Set down every record below exactly as written, but leave out the pictures.

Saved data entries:

════════════════════

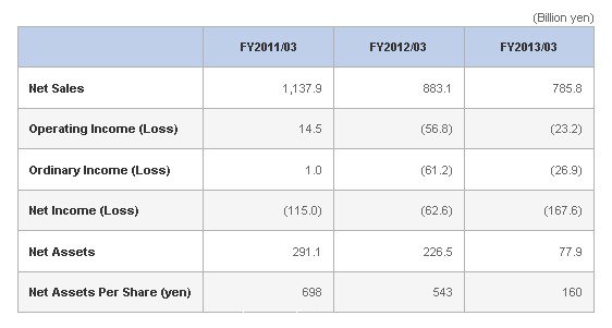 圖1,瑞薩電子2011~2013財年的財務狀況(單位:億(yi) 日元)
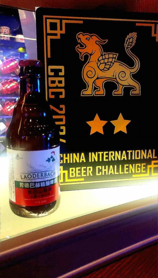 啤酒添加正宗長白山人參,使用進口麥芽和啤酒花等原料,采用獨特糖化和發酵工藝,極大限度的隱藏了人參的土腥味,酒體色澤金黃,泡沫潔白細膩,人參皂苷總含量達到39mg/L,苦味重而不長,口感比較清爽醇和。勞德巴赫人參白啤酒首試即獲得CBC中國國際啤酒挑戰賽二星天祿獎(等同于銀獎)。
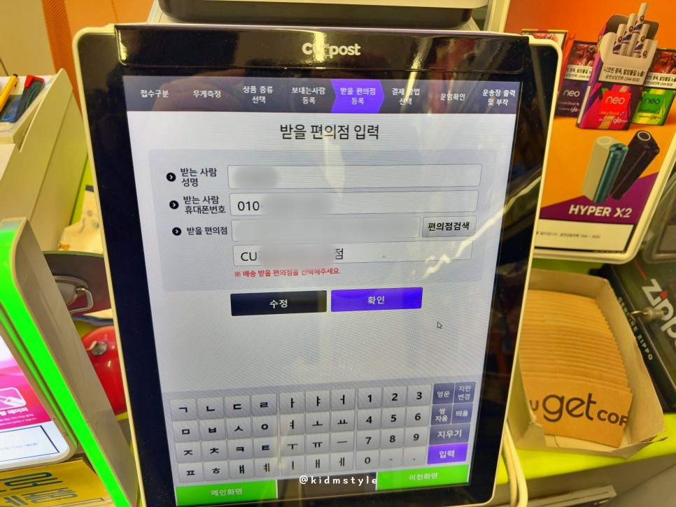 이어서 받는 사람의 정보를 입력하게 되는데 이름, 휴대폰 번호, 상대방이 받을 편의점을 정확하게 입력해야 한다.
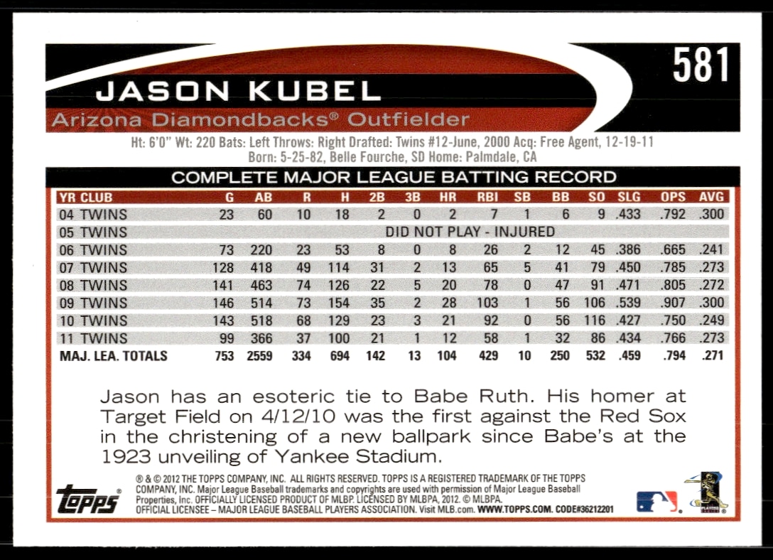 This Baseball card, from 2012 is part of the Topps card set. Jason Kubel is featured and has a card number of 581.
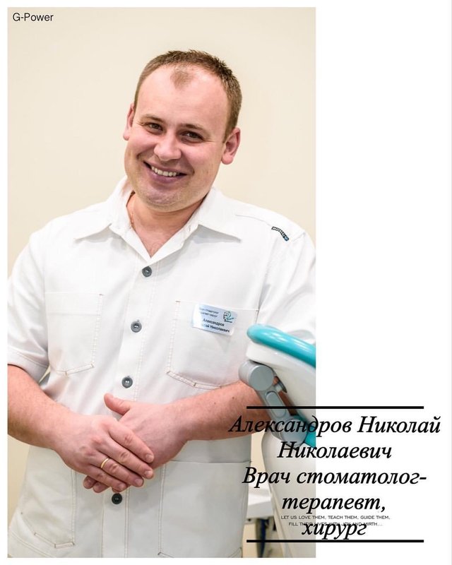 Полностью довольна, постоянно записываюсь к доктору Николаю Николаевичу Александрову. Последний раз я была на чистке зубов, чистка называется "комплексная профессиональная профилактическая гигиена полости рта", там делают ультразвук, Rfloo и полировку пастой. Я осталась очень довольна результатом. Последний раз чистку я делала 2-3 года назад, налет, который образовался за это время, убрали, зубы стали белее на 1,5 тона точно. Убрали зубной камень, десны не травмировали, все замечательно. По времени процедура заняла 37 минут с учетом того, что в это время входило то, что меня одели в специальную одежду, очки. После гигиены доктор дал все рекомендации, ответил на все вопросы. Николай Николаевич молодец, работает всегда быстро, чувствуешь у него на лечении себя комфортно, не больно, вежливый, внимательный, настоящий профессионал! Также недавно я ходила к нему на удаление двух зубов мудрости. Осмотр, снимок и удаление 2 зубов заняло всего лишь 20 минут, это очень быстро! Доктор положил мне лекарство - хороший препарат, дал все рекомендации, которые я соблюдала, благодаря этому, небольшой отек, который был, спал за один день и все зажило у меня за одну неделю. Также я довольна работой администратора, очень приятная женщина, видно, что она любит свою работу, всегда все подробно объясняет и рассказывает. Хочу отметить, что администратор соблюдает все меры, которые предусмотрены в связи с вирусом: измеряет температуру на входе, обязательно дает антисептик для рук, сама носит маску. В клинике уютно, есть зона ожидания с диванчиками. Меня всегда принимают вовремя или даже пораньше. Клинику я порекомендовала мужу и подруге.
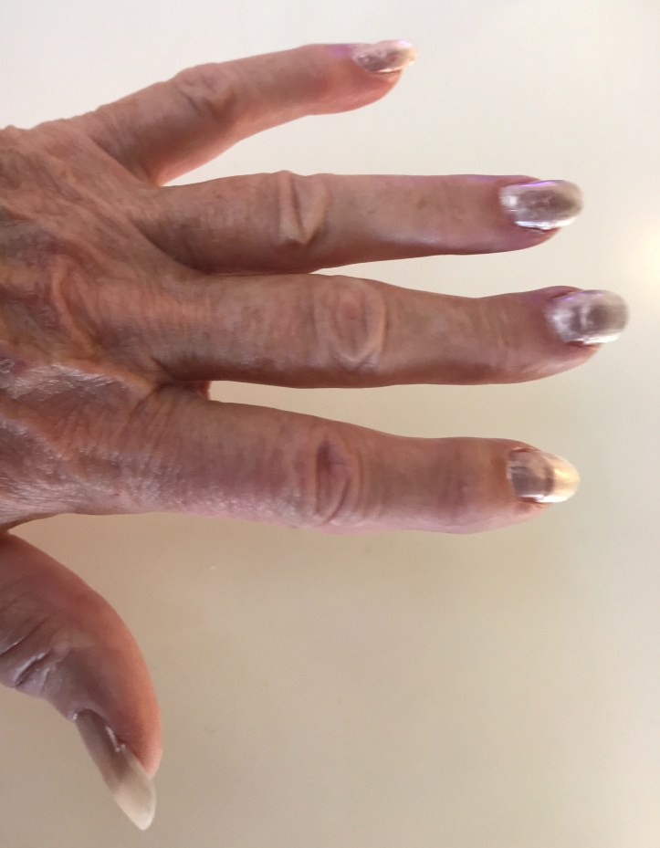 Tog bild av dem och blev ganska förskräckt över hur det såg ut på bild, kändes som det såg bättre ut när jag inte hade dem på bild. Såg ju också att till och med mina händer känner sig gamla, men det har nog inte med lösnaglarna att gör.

════════════════════

#### Output of the exercise
 圖1,瑞薩電子2011~2013財年的財務狀況(單位:億(yi) 日元)
 啤酒添加正宗長白山人參,使用進口麥芽和啤酒花等原料,采用獨特糖化和發酵工藝,極大限度的隱藏了人參的土腥味,酒體色澤金黃,泡沫潔白細膩,人參皂苷總含量達到39mg/L,苦味重而不長,口感比較清爽醇和。勞德巴赫人參白啤酒首試即獲得CBC中國國際啤酒挑戰賽二星天祿獎(等同于銀獎)。
 이어서 받는 사람의 정보를 입력하게 되는데 이름, 휴대폰 번호, 상대방이 받을 편의점을 정확하게 입력해야 한다.
 This Baseball card, from 2012 is part of the Topps card set. Jason Kubel is featured and has a card number of 581.
 Полностью довольна, постоянно записываюсь к доктору Николаю Николаевичу Александрову. Последний раз я была на чистке зубов, чистка называется "комплексная профессиональная профилактическая гигиена полости рта", там делают ультразвук, Rfloo и полировку пастой. Я осталась очень довольна результатом. Последний раз чистку я делала 2-3 года назад, налет, который образовался за это время, убрали, зубы стали белее на 1,5 тона точно. Убрали зубной камень, десны не травмировали, все замечательно. По времени процедура заняла 37 минут с учетом того, что в это время входило то, что меня одели в специальную одежду, очки. После гигиены доктор дал все рекомендации, ответил на все вопросы. Николай Николаевич молодец, работает всегда быстро, чувствуешь у него на лечении себя комфортно, не больно, вежливый, внимательный, настоящий профессионал! Также недавно я ходила к нему на удаление двух зубов мудрости. Осмотр, снимок и удаление 2 зубов заняло всего лишь 20 минут, это очень быстро! Доктор положил мне лекарство - хороший препарат, дал все рекомендации, которые я соблюдала, благодаря этому, небольшой отек, который был, спал за один день и все зажило у меня за одну неделю. Также я довольна работой администратора, очень приятная женщина, видно, что она любит свою работу, всегда все подробно объясняет и рассказывает. Хочу отметить, что администратор соблюдает все меры, которые предусмотрены в связи с вирусом: измеряет температуру на входе, обязательно дает антисептик для рук, сама носит маску. В клинике уютно, есть зона ожидания с диванчиками. Меня всегда принимают вовремя или даже пораньше. Клинику я порекомендовала мужу и подруге.
 Tog bild av dem och blev ganska förskräckt över hur det såg ut på bild, kändes som det såg bättre ut när jag inte hade dem på bild. Såg ju också att till och med mina händer känner sig gamla, men det har nog inte med lösnaglarna att gör.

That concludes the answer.